**YOUR GOAL**: Your answer should be an exact copy of the lines from the one containing "Какао-напиток растворимый ELZA" through the last line of the records below, without any pictures.

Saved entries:
+---+
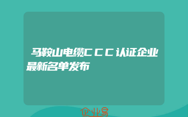 - 马鞍山电缆CCC认证企业最新名单发布
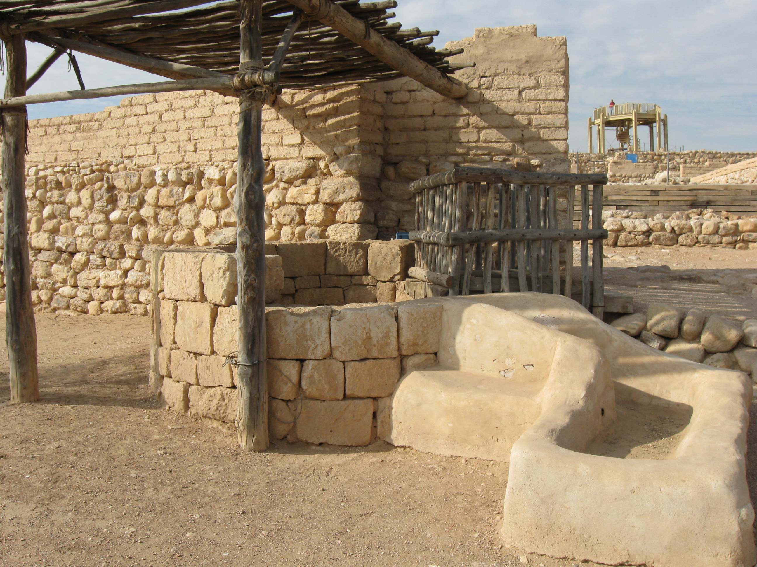 上图:别是巴遗址城门口的公共水井,深70米,是在南地已发现最深的水井。很可能就是以撒所挖的井。古代的中东公共水井一般在村口或城门口,以方便牲口喝水,通常带有一个饮水槽。别是巴遗址位于一条旱溪旁边,旱溪冬天被雨水充满,夏天水存于地下,因此附近有多个水井。别是巴从主前4000年开始就存在了,现有遗迹是按主前8世纪的样式恢复的,外围的泥砖墙是主前10世纪开始的,城内可居住400名军人和公务员,农夫们住在城外的村庄里。
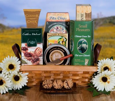 This tasteful soup gift basket arrives with everything needed for a fabulous 'Get Well' gift or a 'Warm Welcome Gift'. Generously filled with Connor Creek Old-Fashioned chicken noodle soup Mix (just add water-makes 8 servings), Dangold traditional water crackers, Jordan's Mediterranean Style all natural baked pita chips which are perfect for spreading on the Cabernet Sauvignon wine cheese with the small cheese knife that is included. Added to this gift is also a box of Los Olivos California Orchards smoked almonds and J&M Lime cookies and then some soothing Small Pleasures gourmet green teas and you have a "feel good all over" gift. (basket styles or products may be substituted)
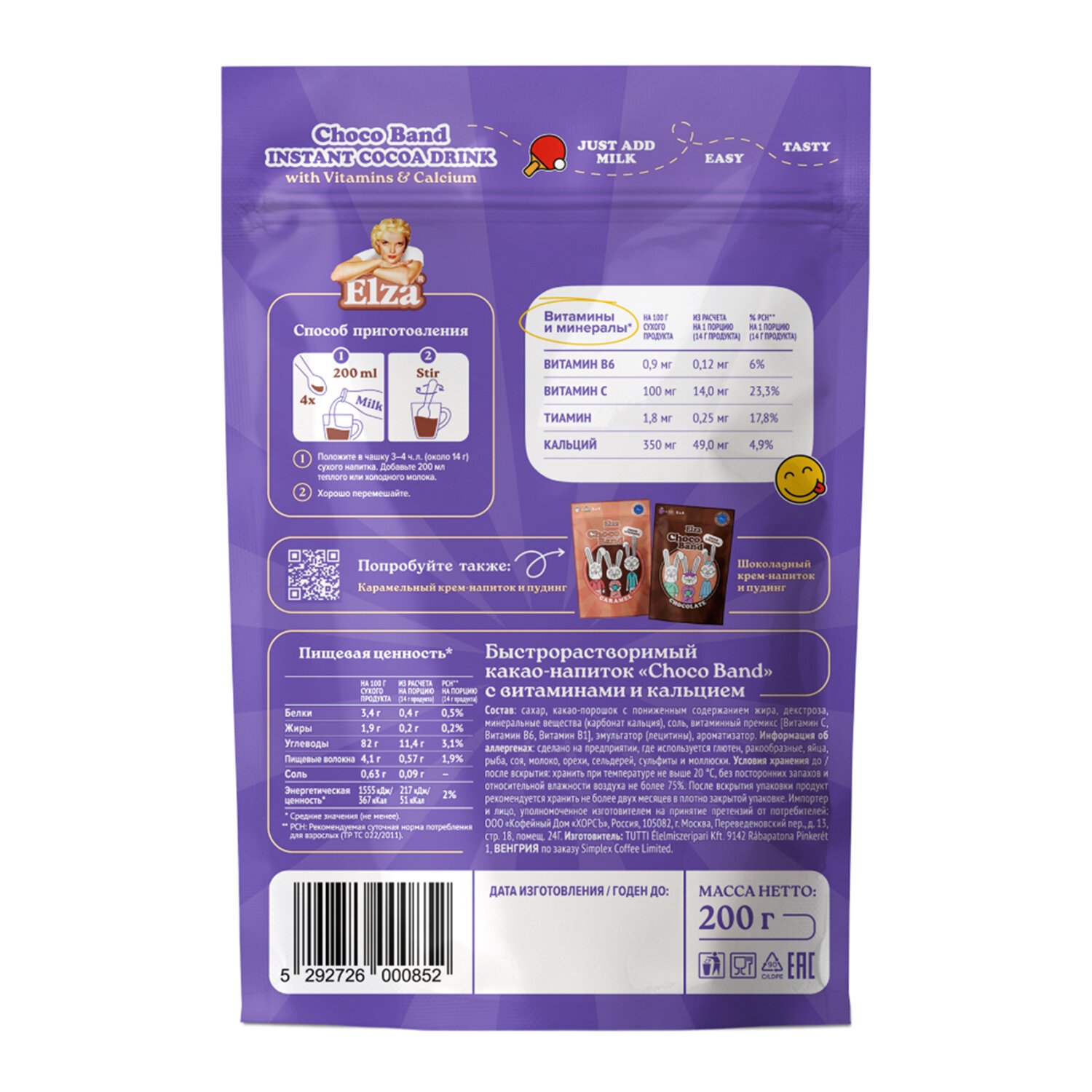 Какао-напиток растворимый ELZA "Choco Band" с витаминами и кальцием, 200 г.
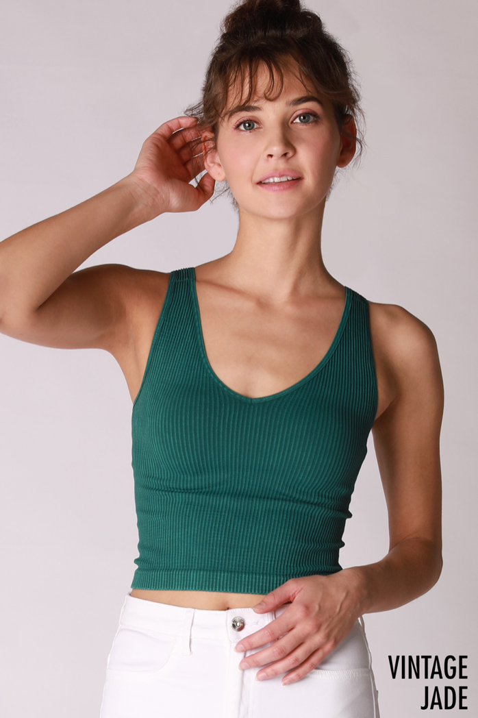 This Vintage V Neck Crop Top is stylish and comfortable. Crafted from a blend of 92% Nylon and 8% Spandex, the ribbed knit top features a luxuriously deep V-neckline and a flattering cropped silhouette. One size fits most, and it is proudly made in the USA. Fits size XS-L.
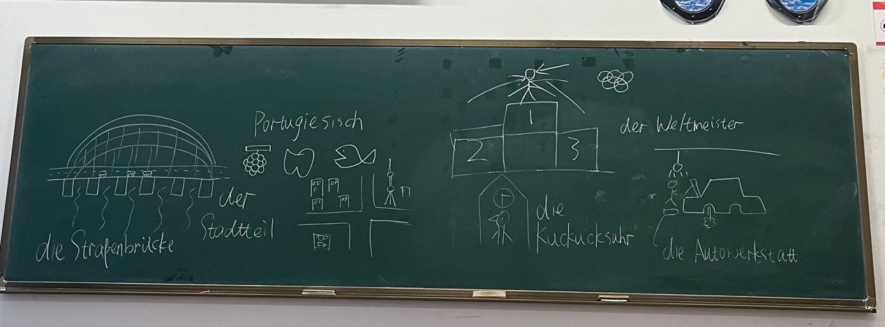 上周六,我将两周以来学习过的单词设置成为题目,让学生以小组为单位,通过“你画我猜”的游戏形式,让大家在放松心情的同时复习了近期学习的内容。今后我也会将更多类似的方法融入课堂,使得学生会学德语、爱学德语。
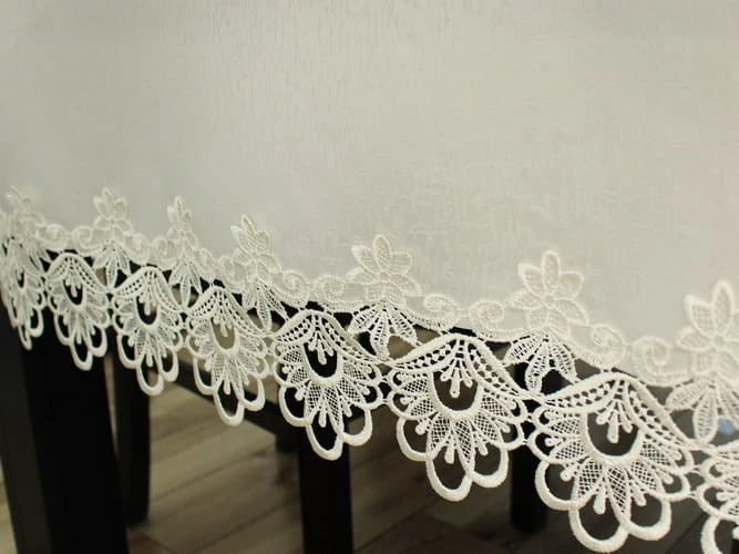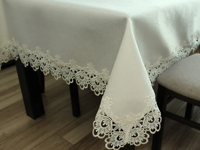Mamy do zaoferowania obrusy w kolorze ekri zdobione koronką gipiurową, dostępne w kilku wersjach rozmiarowych. Obrusy zostały wykonane z trwałego poliestru, dlatego są łatwe w utrzymaniu czystości i bardzo elegancko się prezentują.
+---+
**EXERCISE RESULT**:
 Какао-напиток растворимый ELZA "Choco Band" с витаминами и кальцием, 200 г.
 This Vintage V Neck Crop Top is stylish and comfortable. Crafted from a blend of 92% Nylon and 8% Spandex, the ribbed knit top features a luxuriously deep V-neckline and a flattering cropped silhouette. One size fits most, and it is proudly made in the USA. Fits size XS-L.
 上周六,我将两周以来学习过的单词设置成为题目,让学生以小组为单位,通过“你画我猜”的游戏形式,让大家在放松心情的同时复习了近期学习的内容。今后我也会将更多类似的方法融入课堂,使得学生会学德语、爱学德语。
Mamy do zaoferowania obrusy w kolorze ekri zdobione koronką gipiurową, dostępne w kilku wersjach rozmiarowych. Obrusy zostały wykonane z trwałego poliestru, dlatego są łatwe w utrzymaniu czystości i bardzo elegancko się prezentują.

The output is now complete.